Data provided ::
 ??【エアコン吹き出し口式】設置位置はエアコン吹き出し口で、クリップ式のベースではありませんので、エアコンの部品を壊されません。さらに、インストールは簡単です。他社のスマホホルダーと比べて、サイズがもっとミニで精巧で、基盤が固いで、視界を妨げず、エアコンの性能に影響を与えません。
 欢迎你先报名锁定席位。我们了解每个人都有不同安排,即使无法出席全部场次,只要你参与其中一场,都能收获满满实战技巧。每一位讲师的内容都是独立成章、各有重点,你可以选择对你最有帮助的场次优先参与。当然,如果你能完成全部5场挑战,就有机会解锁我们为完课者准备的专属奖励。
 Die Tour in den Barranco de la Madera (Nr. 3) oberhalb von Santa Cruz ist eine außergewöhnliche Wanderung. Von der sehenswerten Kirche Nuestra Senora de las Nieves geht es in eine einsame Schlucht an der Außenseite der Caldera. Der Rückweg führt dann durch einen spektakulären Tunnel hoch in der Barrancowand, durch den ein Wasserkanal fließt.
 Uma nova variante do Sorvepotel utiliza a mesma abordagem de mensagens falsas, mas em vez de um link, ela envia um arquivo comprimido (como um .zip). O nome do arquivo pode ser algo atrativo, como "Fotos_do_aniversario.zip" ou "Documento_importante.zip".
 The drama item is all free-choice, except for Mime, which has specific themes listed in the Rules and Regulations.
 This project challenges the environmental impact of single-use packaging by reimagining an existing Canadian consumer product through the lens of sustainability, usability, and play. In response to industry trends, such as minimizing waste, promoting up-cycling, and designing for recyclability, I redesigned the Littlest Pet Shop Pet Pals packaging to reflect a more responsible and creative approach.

Problem ::
Your answer must be the lines above, unchanged, from the first one through the line that holds "欢迎你先报名锁定席位。我们了", inclusive, and no others.

Answer to this task ::
 ??【エアコン吹き出し口式】設置位置はエアコン吹き出し口で、クリップ式のベースではありませんので、エアコンの部品を壊されません。さらに、インストールは簡単です。他社のスマホホルダーと比べて、サイズがもっとミニで精巧で、基盤が固いで、視界を妨げず、エアコンの性能に影響を与えません。
 欢迎你先报名锁定席位。我们了解每个人都有不同安排,即使无法出席全部场次,只要你参与其中一场,都能收获满满实战技巧。每一位讲师的内容都是独立成章、各有重点,你可以选择对你最有帮助的场次优先参与。当然,如果你能完成全部5场挑战,就有机会解锁我们为完课者准备的专属奖励。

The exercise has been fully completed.